**Activity:** A faithful copy of every record is needed here. Images must not appear in it.

**Exercise input:**
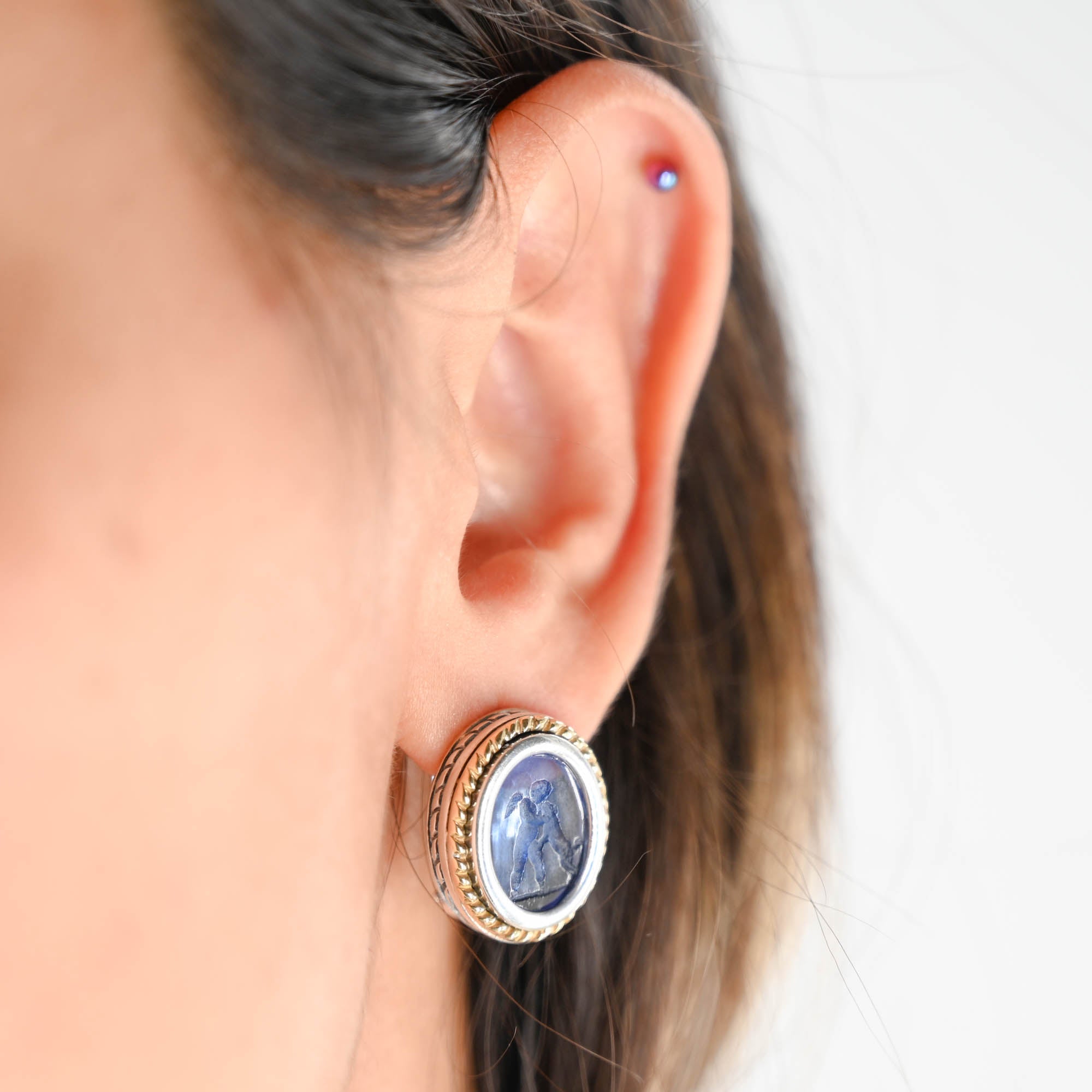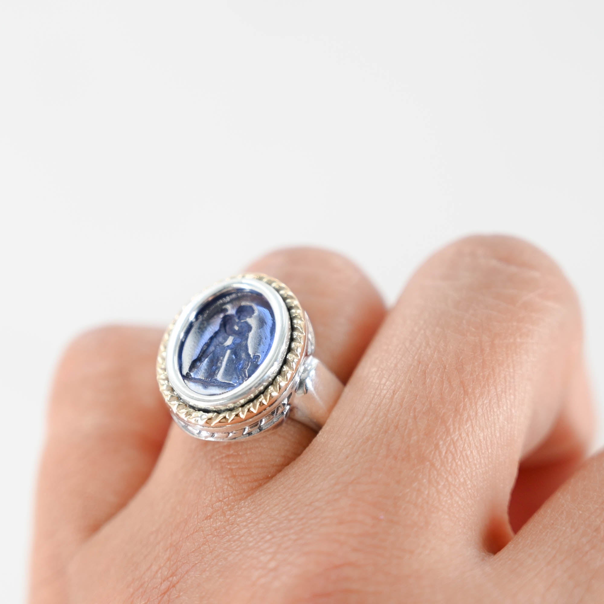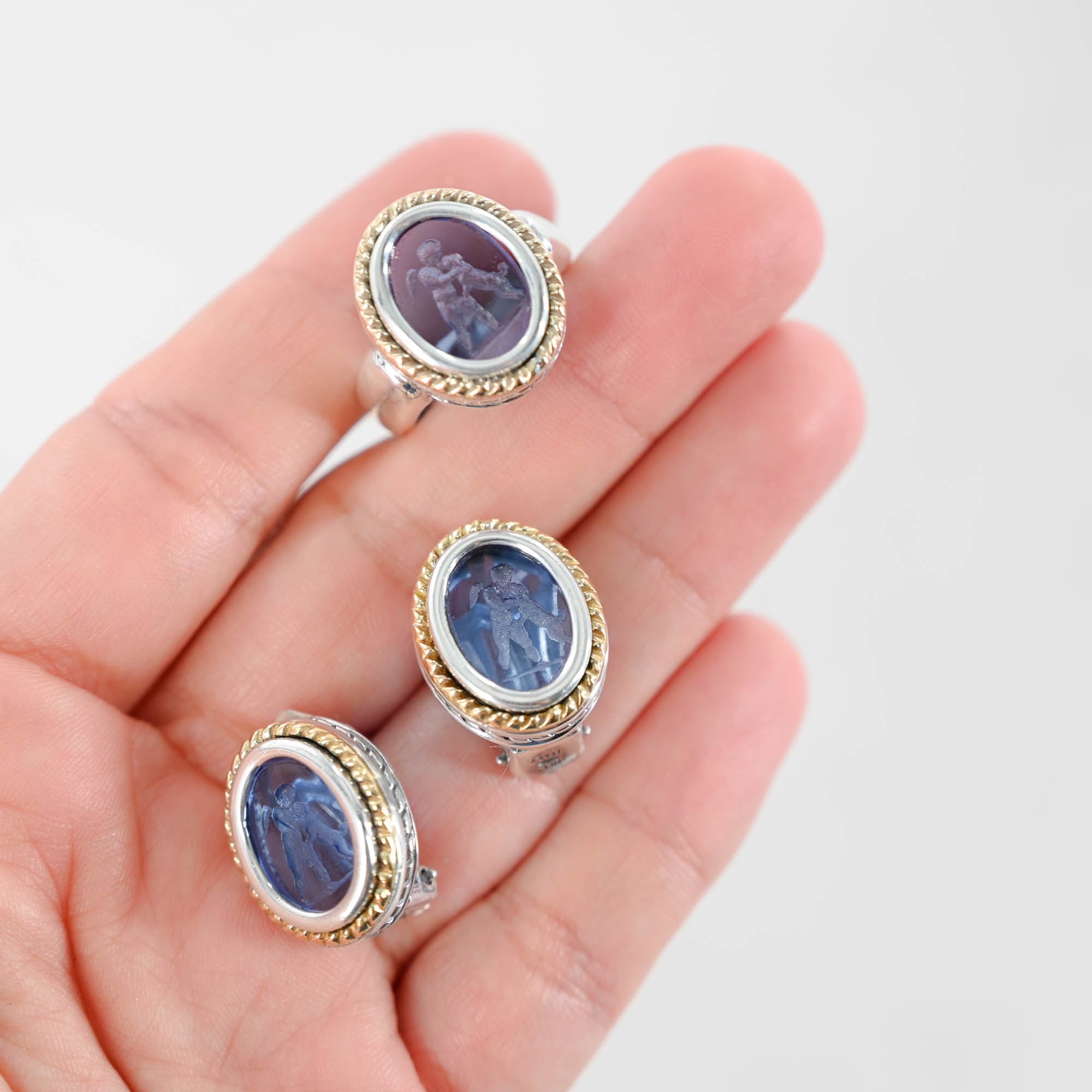 Step back in time with this exquisite vintage jewelry set featuring 925 silver with an elegant 18K yellow gold border frame. Adorned with a stunning iolite intaglio, this unique set showcases intricate craftsmanship and timeless beauty. Perfect for special occasions or as a standout addition to your collection, this piece beautifully combines vintage charm with modern elegance.
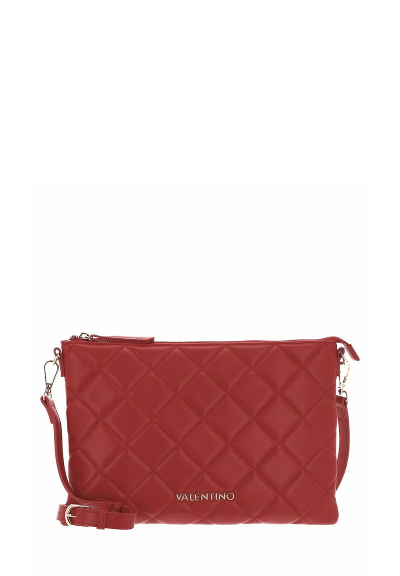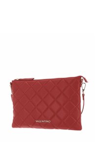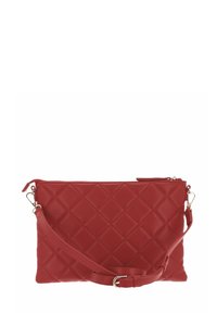 Pochette en cuir rouge avec motif matelassé en forme de losange, fermeture éclair et bandoulière amovible. Dotée de ferrures dorées et du logo de la marque embossé.
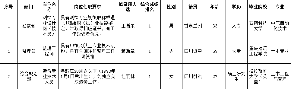 根據(jù)綿陽市水利規(guī)劃設(shè)計研究院有限公司(以下簡稱水規(guī)院公司)發(fā)布的2023年第12、13、14期招聘公告及招聘相關(guān)規(guī)定,經(jīng)簡歷初篩、面試、體檢等程序,王增錄、蔣貽章、杜羽鈴同志已符合公司錄用條件,現(xiàn)予以公示。
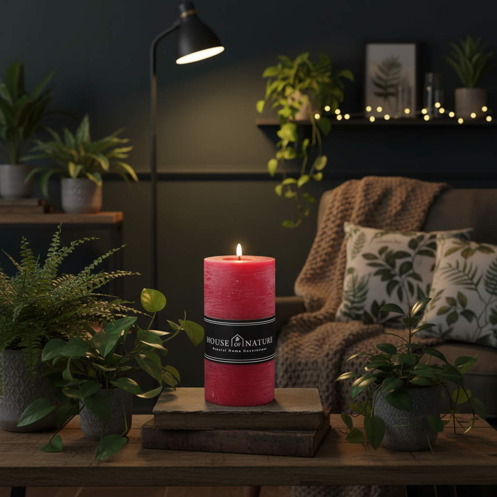 Gebruik de rode ledkaars als sfeervolle eyecatcher op een dienblad, in een windlicht of als onderdeel van een feestelijke tafeldecoratie. Combineer met zandkleurige of grijze varianten van House of Nature voor een warm contrast.
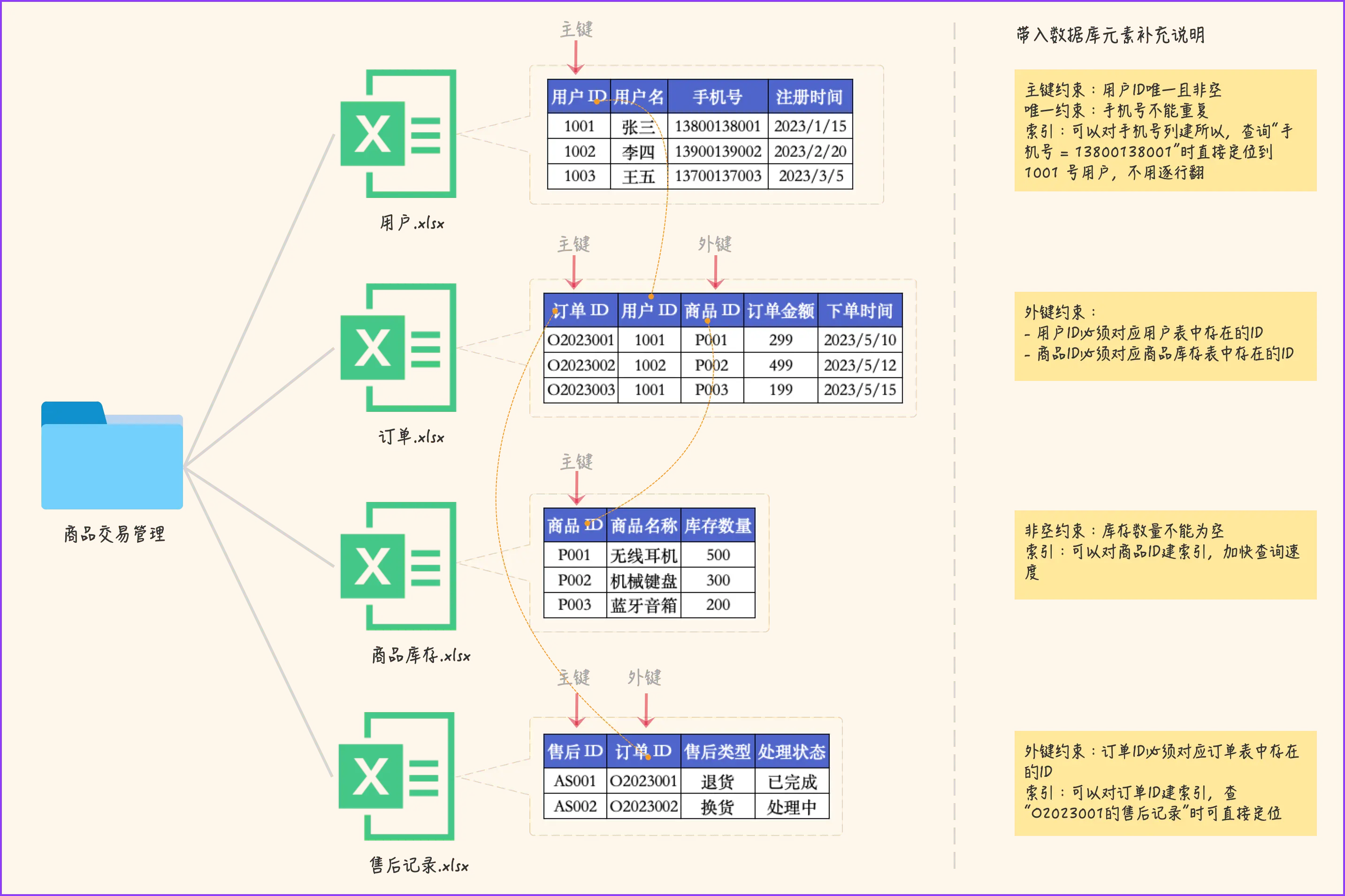 接下来,把上面讲解的关系型数据库的零件引入进来:文件夹 = 数据库,表 = Excel表,每张表首例的ID就是其主键、其余ID列为外键,最后补充上约束和索引添加规则就了然了

**Answer to the exercise:**
 Step back in time with this exquisite vintage jewelry set featuring 925 silver with an elegant 18K yellow gold border frame. Adorned with a stunning iolite intaglio, this unique set showcases intricate craftsmanship and timeless beauty. Perfect for special occasions or as a standout addition to your collection, this piece beautifully combines vintage charm with modern elegance.
 Pochette en cuir rouge avec motif matelassé en forme de losange, fermeture éclair et bandoulière amovible. Dotée de ferrures dorées et du logo de la marque embossé.
 根據(jù)綿陽市水利規(guī)劃設(shè)計研究院有限公司(以下簡稱水規(guī)院公司)發(fā)布的2023年第12、13、14期招聘公告及招聘相關(guān)規(guī)定,經(jīng)簡歷初篩、面試、體檢等程序,王增錄、蔣貽章、杜羽鈴同志已符合公司錄用條件,現(xiàn)予以公示。
 Gebruik de rode ledkaars als sfeervolle eyecatcher op een dienblad, in een windlicht of als onderdeel van een feestelijke tafeldecoratie. Combineer met zandkleurige of grijze varianten van House of Nature voor een warm contrast.
 接下来,把上面讲解的关系型数据库的零件引入进来:文件夹 = 数据库,表 = Excel表,每张表首例的ID就是其主键、其余ID列为外键,最后补充上约束和索引添加规则就了然了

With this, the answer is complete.